Agastya begun in July 2022 in a modest workshop in Lucknow. I needed a material that could bend precisely for a project. Bamboo seemed
practical at first. Then I found cane. Thinner, more responsive, more willing.
I kept experimenting long after. I got cane hand-bent into frames. My rather small team and I tested the material’s limits. Early pieces were
ambitious for the skill we had at the time.
Some could not hold their weight or balance. Others broke in strong winds. They were large forms without stability. I realized that mastery would
come from working at the edge of the material’s truth and our own developing skill, then expanding both. Furniture landed in balance.
I brought in textile knowledge from years in fashion design where I had grown an affinity for maximalist brocades, amongst other weaves.

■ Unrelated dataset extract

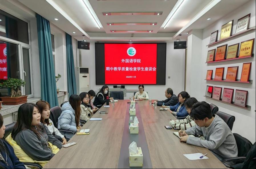 2025年11月7日,外国语学院召开2025-2026学年第一学期期中教学质量检查暨学生座谈会。会议由外国语学院副院长王莉主持,教学督导、教学秘书以及2023-2025级班长、学委参...

One day in early 2025, while burning cane to bend it, I charred it further. After a few attempts, it looked right. Dark. Permanent. I later discovered
its resemblance to the Japanese Yakisugi process, traditionally used on wood for durability and insect resistance —but, to my knowledge, never
on cane. That’s when it came together. Darkened cane. Brocade's depth. Brass accents now moving from branding into ornament.
These skills, gathered across disciplines, mediums and geographies, from schools in Kolkata to studies in the United Kingdom and work for global
labels, had been waiting. I had always favored function over flourish. But spaces that work without beauty feel hollow.
No shortcuts. No seasonal rush. Objects meant to settle with age. They balance European restraint and Indian craft. Furniture or sculptural
objects. They hold their place either way.